The Road is, like all of McCarthy's stuff, stoic. It's more simply written than most of his stuff (almost Hemmingway-esque), and I wonder if that's in response to criticism by some that his flowing descriptions in previous works amounted to literary masturbation.
Whatever. It's a fine work, and I will caution you, Tam-- it gets worse, and it gets better. Ride it out.
Matt,
Maybe I liked The Road because I like Hemingway. Thanks for the tip on Footfall; I had never heard of it - it goes on my "must read" list.
There's a free online book called Lights Out! that I thought was actually pretty good. It's about a community that has to survive an almost total loss of electrical devices and power, including batteries and simple devices, all fried by some EMP perhaps. Not bad for free!
I've heard over the last months that The Road has been green-lighted as a movie.
Imagine Driving Miss Daisy meets Fail Safe without all the butterflies, unicorns and rainbows. But with the tedium and stress amplified.
Regards,
Rabbit.
Arrgh. "The Road" is good, but as bleak as CM gets. "No Country for Old Men" put him on the popculture radar but isn't the topnotch CM. See Blood Meridian, the Border Trilogy, or Suttree for the good shit. Might be a bit much for sci-fi fans, but sooo well crafted. His early stuff set in Appalachia is easily as bleak as "the Road"

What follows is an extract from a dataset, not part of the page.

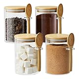 Glass Sugar Container with Spoon - 4 Pack 15oz Glass Jars with Bamboo Lid and Spoon, Bamboo Lid Storage Jar Containers for Coffee Beans, Spice, Brown Sugar, Tea, Flour, Nuts, Candy, Salts and More

Almost did my Master's Thesis on "Blood Meridian", but realized the whole thing would have been, "This character was based on..." It will leave you shaking. Larry McMurtry would pay you to be mentioned in the same sentence as McCarthy.

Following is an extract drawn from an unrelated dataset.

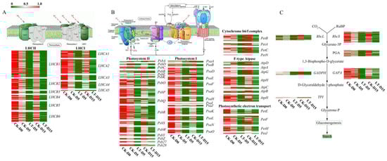 To further investigate the effects of light deficiency on the photosynthesis capacity of M. sinostellata, the expression patterns of DEGs involved in photosynthesis-related pathways were analyzed. Under the low light condition, most of the genes that were predicted to function in antenna protein pathway (ko00196) [] were significantly down regulated (Figure 2C). In this pathway, gene expression trend analysis indicated that 336 genes were consistently down regulated, whereas three genes were up regulated (Figure 2D). Heatmap analysis showed that expression level of most genes in light harvesting complex I (LHC I and LHCA1-5) and light harvesting complex II (LHC II and LHCB1-7) were decreased under light deficiency treatment (Figure 3A), suggesting that the activity of light-harvesting chlorophyll protein complex (LHC) of M. sinostellata was inhibited.

I thought Sunshine was odd. It was like halfway through a scifi movie, the director and all the writers changed their minds and decided to make it a horror flick instead.
The first 3/4 of the movie is great.
Funny, I thought the same thing...
But I don't mind a little "odd" every now and again; it keeps me on my toes. :)
Can't be any harder than Birdsong. Or the reliable laff riot, Johnny Got His Gun.
Regarding your list of depressing books...including 1984. Have any of you ever read 1985 by Anthony Burgess. I highly recommend it. I think of 1985 as an absurd collection of clippings from a present day British Newspaper, soon to be the NY Times, if our lives keep progressing in the direction they have for the last few decades.
I loved Footfall just for the idea of what mankind can do when we gets backed up against the wall. A La "Junkyard Wars" in outer space.
I found "The Road" oddly hopeful. What is it in some people that keep them walking when there is no external reason to do so.
And in the end I think the father's persistence and love was rewarded.
Well, I read the Road long before Oprah turned her audience on to it, and I still can't figure her reading it and then recommending it. I love Border Triology, No Country for Old Men.
Reno-- I felt exactly the same way. In the end, The Man (for that's all we know him as) showed that his efforts paid off.
Andy, don't be so hard of McMurtrey-- he's done some good stuff in his time. Hell, a year or so ago I found one of his first novels, Leaving Cheyenne, and was stunned at the rich description of N. Texas, some of which I'll never know, though I grew up in the same century.
Sometimes, it takes more bleakness to plainly see the beauty in a small thing.